HISTORY: The fetus aborted at approximately 6 months of gestation. This was the second first-time heifer to have aborted on this previously non-grazed ranch. The liver was markedly enlarged with rounded margins and had a cobblestone appearance with multiple pinpoint, white foci scattered throughout; the spleen, thymus, and lymph nodes were markedly enlarged.

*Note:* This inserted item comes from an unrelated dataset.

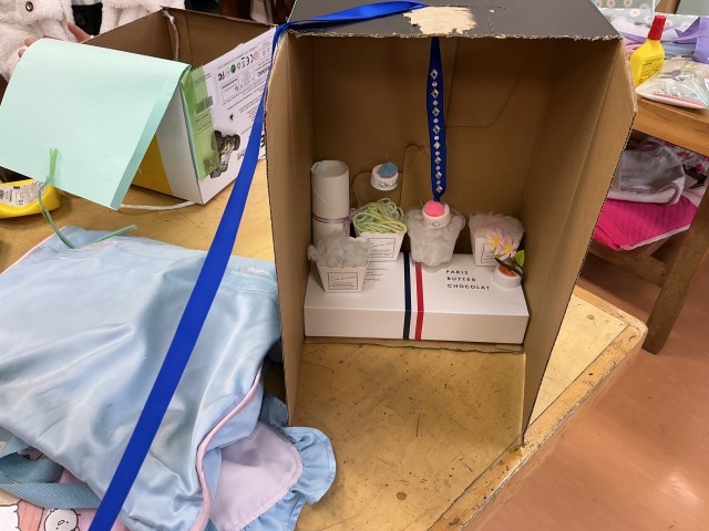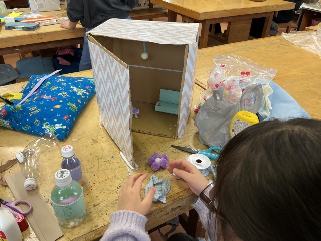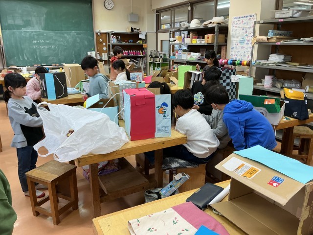 3年生の図工では「スーパーランドセル」を作っています。何がスーパーなのか聞いてみると、ランドセルの中が猫の部屋になっていたり、自動販売機になっていたり、外に羽根がついていたりしました。わくわくするランドセルになるように工夫して作っていました。

HISTOPATHOLOGIC DESCRIPTION: Thymus: The thymic medulla is diffusely expanded by high numbers of epithelioid macrophages admixed with fewer lymphocytes, plasma cells, and rare eosinophils. Macrophages have abundant amphophilic, granular cytoplasm, and often contain phagocytosed cellular debris or occasionally contain erythrocytes (erythrophagocytosis) or hemosiderin. The thymic cortex demonstrates marked lymphoid depletion characterized by marked thinning and pallor, frequent karyorrhectic lymphocytes, and high numbers of tingible body macrophages. There is multifocal mild hemorrhage of the cortex and medulla, and the interlobular connective tissue contains scant hemorrhage, fibrin, edema, and low numbers of previously mentioned inflammatory cells.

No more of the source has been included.